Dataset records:
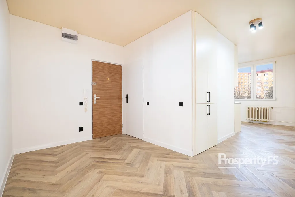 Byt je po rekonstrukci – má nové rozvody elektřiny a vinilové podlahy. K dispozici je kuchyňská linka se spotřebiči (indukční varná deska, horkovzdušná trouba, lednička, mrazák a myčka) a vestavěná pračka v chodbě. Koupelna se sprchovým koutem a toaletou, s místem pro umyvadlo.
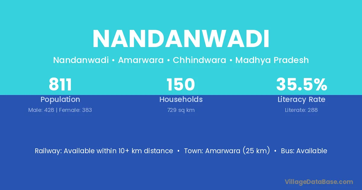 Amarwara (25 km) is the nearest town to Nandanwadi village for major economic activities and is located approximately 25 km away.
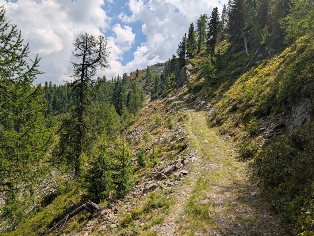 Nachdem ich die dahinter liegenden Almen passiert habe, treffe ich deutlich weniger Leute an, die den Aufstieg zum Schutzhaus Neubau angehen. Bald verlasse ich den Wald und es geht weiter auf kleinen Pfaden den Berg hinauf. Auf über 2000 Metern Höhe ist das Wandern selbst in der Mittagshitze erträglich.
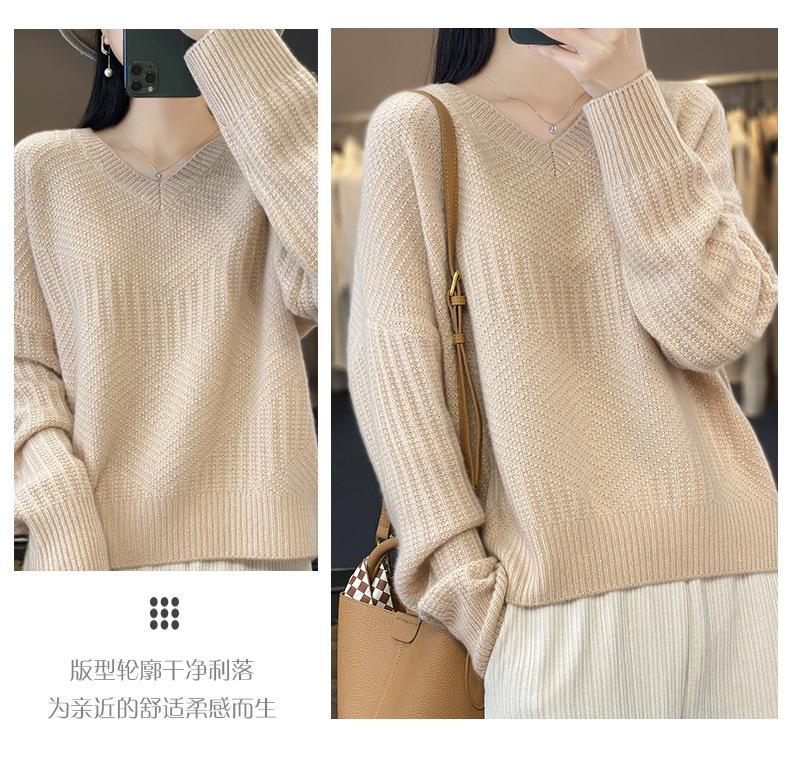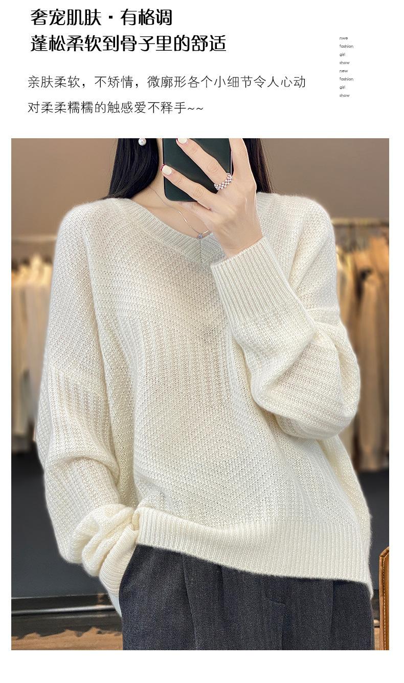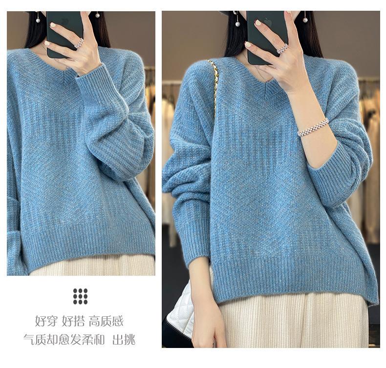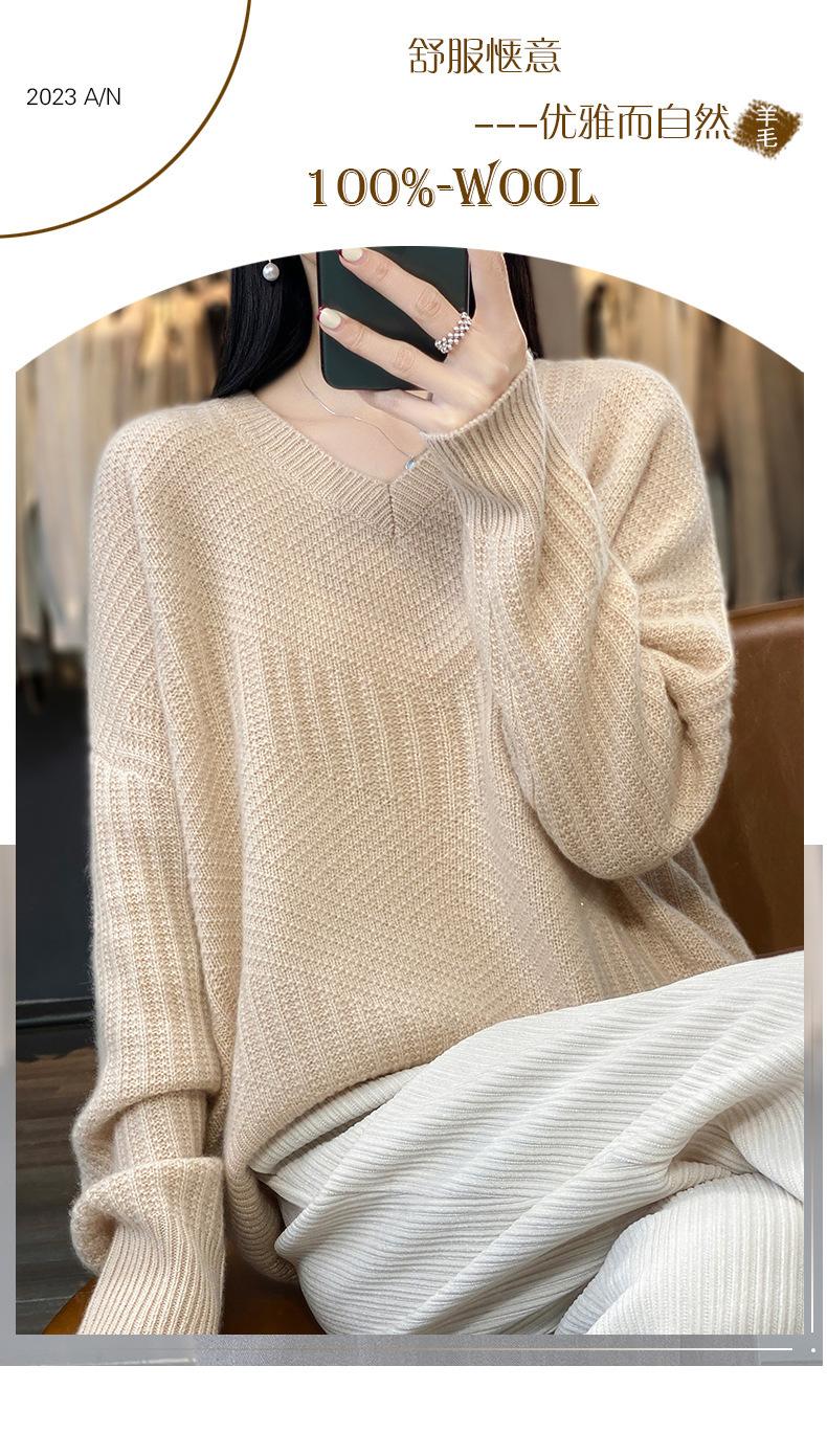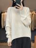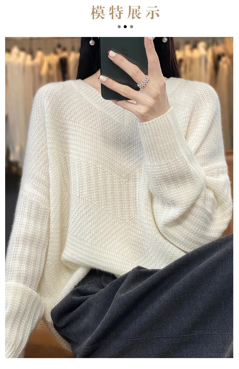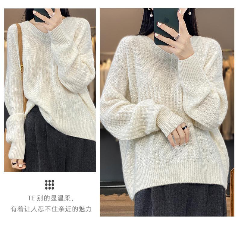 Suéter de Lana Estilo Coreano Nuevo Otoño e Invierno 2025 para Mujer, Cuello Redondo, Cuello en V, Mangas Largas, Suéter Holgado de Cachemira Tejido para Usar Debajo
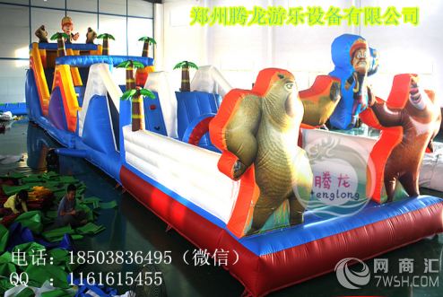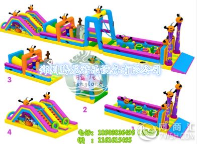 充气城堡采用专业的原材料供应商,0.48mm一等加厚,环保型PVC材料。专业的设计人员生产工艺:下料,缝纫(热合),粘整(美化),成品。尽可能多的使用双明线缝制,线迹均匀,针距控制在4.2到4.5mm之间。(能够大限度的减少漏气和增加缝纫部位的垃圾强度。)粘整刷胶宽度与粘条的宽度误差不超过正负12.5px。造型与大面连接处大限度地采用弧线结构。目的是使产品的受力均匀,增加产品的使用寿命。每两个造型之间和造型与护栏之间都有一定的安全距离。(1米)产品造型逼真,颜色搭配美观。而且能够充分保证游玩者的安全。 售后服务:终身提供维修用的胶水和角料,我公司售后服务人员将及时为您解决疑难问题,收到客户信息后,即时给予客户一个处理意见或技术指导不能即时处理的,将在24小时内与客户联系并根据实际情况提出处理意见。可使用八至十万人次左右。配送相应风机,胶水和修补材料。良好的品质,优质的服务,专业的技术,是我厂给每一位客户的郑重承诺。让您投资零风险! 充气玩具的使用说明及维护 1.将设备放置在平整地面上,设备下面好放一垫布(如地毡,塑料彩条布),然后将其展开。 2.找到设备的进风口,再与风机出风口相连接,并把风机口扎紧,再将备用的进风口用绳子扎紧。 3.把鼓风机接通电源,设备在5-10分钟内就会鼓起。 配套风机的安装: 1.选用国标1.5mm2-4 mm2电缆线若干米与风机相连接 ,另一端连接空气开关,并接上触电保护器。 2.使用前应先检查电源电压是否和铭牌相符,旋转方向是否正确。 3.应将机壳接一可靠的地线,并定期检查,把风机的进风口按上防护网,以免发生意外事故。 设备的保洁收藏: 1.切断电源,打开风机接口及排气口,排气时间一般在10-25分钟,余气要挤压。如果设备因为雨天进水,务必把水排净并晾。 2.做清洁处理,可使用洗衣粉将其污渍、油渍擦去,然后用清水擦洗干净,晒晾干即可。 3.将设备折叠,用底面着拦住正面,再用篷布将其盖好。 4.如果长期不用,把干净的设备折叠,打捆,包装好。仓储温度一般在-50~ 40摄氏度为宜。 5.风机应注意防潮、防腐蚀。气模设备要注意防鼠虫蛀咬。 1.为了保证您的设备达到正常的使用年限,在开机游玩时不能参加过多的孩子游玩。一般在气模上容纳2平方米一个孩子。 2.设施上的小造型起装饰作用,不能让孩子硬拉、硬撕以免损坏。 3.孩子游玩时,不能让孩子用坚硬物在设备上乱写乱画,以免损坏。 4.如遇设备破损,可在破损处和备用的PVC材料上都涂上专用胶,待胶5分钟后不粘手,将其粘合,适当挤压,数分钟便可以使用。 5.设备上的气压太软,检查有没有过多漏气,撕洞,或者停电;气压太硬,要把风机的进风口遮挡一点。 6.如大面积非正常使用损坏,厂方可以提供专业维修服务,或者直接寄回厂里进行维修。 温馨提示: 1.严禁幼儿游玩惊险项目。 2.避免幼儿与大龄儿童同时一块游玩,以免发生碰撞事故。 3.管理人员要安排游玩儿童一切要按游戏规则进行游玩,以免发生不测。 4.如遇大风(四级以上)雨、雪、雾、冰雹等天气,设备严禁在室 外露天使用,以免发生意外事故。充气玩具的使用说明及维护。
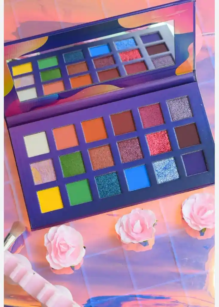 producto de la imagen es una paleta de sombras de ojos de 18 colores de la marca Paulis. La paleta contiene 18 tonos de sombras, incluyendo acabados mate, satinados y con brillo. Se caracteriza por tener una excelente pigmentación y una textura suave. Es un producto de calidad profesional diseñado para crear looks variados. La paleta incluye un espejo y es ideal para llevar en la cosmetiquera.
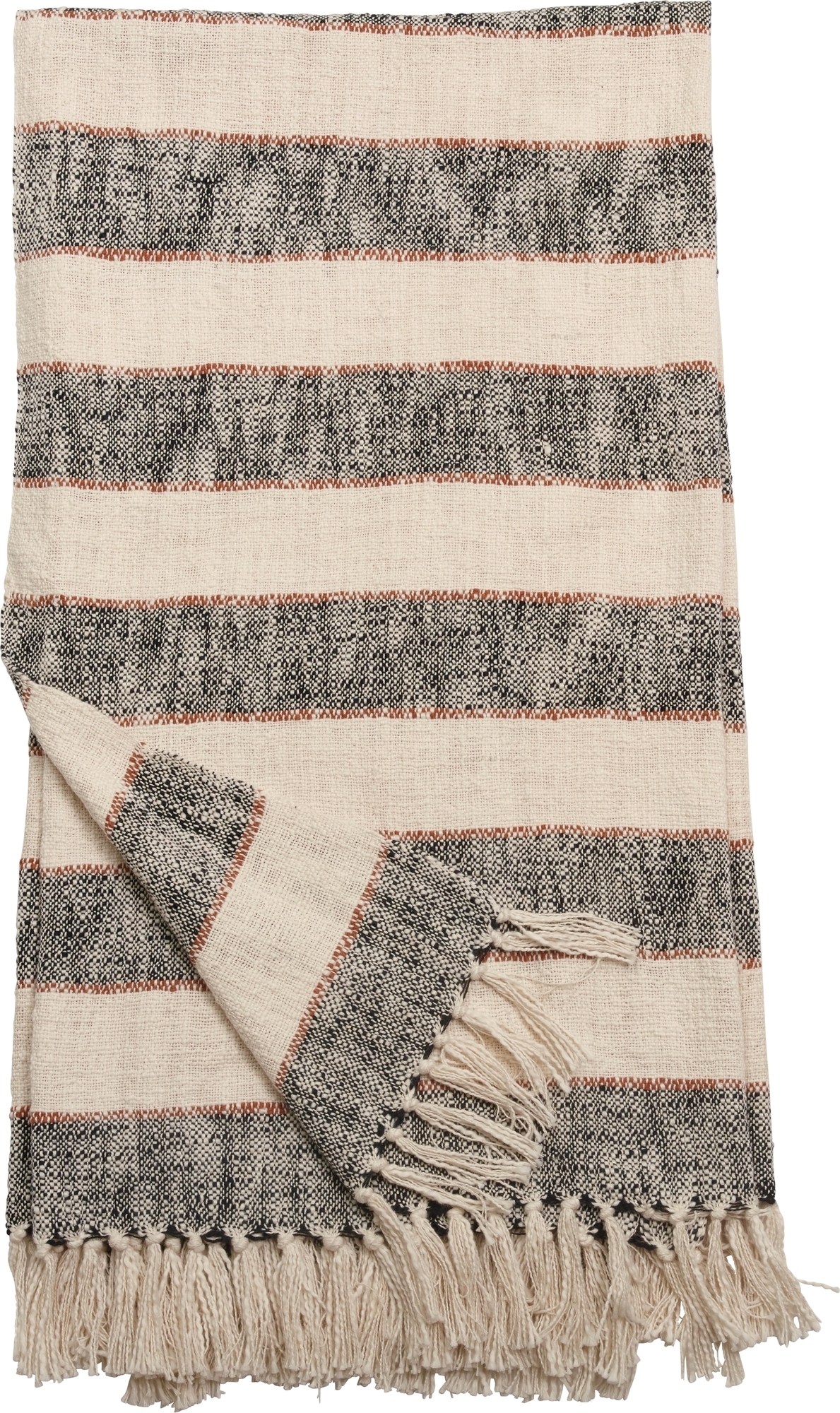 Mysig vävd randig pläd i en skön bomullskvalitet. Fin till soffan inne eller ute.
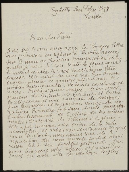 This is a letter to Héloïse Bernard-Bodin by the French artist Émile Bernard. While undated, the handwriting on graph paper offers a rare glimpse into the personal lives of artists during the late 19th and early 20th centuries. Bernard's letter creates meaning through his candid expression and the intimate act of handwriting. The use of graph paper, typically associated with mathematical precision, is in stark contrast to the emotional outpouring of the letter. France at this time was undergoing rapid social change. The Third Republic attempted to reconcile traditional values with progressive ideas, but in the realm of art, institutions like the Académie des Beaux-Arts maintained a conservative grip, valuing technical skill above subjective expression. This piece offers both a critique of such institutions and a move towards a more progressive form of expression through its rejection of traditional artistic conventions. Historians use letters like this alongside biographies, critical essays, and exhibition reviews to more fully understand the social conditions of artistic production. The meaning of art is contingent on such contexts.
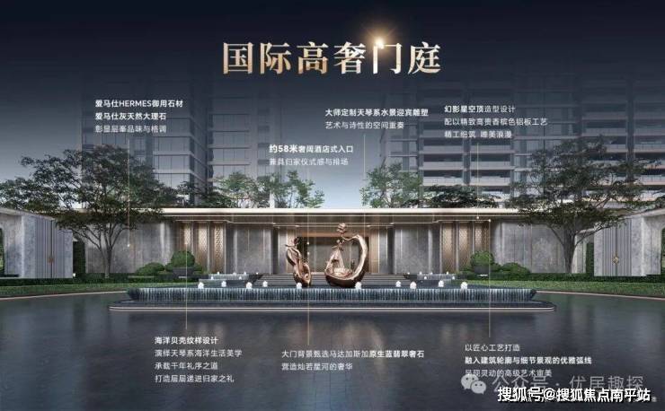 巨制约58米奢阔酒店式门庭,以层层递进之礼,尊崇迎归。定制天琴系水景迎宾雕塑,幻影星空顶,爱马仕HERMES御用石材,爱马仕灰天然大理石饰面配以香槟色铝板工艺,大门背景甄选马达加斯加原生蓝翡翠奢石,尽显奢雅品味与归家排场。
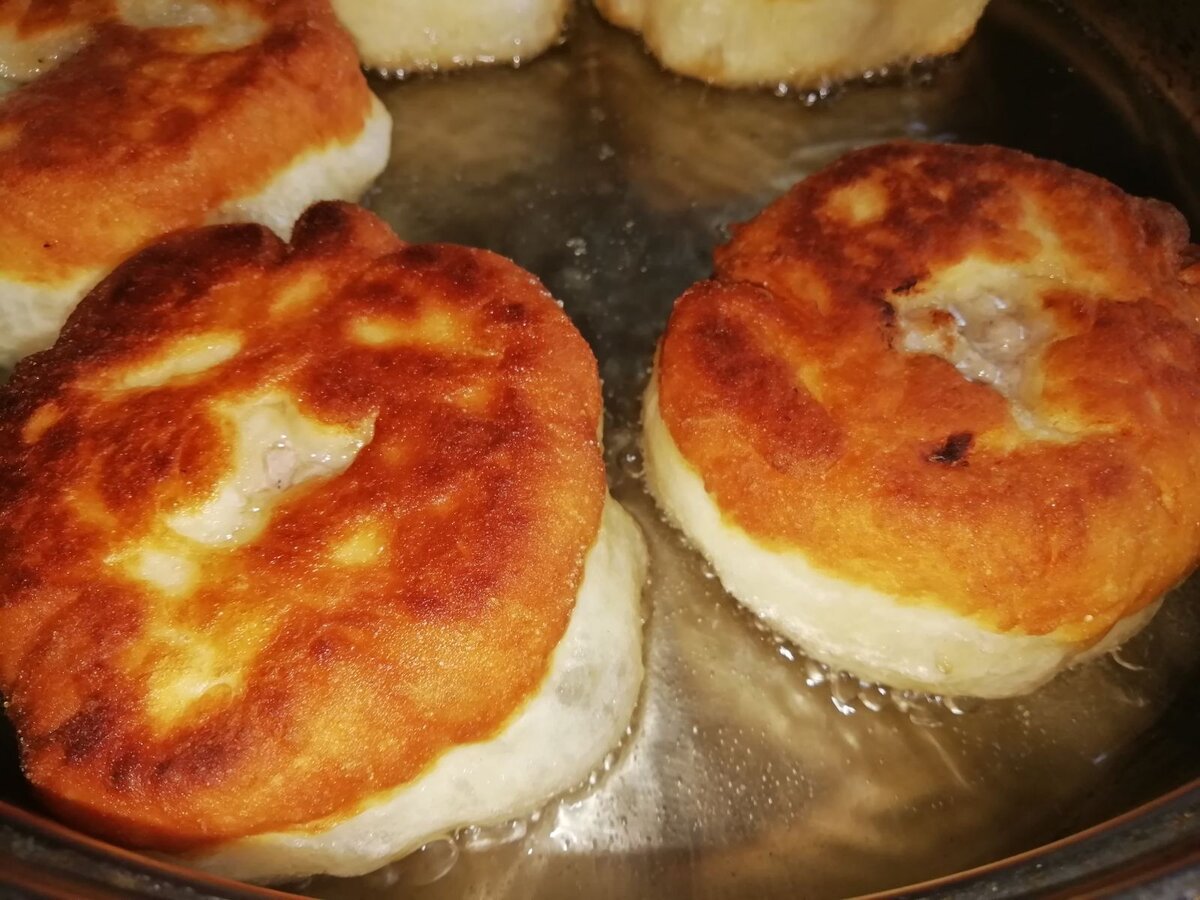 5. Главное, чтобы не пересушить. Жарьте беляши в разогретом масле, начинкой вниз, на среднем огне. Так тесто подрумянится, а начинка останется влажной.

## Instructions for the task
Only an exact copy belongs in the answer: the lines from the one containing "巨制约58米奢阔酒店式门庭,以层层递进之" through the end of the records, both ends included, minus the pictures.

## Response
 巨制约58米奢阔酒店式门庭,以层层递进之礼,尊崇迎归。定制天琴系水景迎宾雕塑,幻影星空顶,爱马仕HERMES御用石材,爱马仕灰天然大理石饰面配以香槟色铝板工艺,大门背景甄选马达加斯加原生蓝翡翠奢石,尽显奢雅品味与归家排场。
 5. Главное, чтобы не пересушить. Жарьте беляши в разогретом масле, начинкой вниз, на среднем огне. Так тесто подрумянится, а начинка останется влажной.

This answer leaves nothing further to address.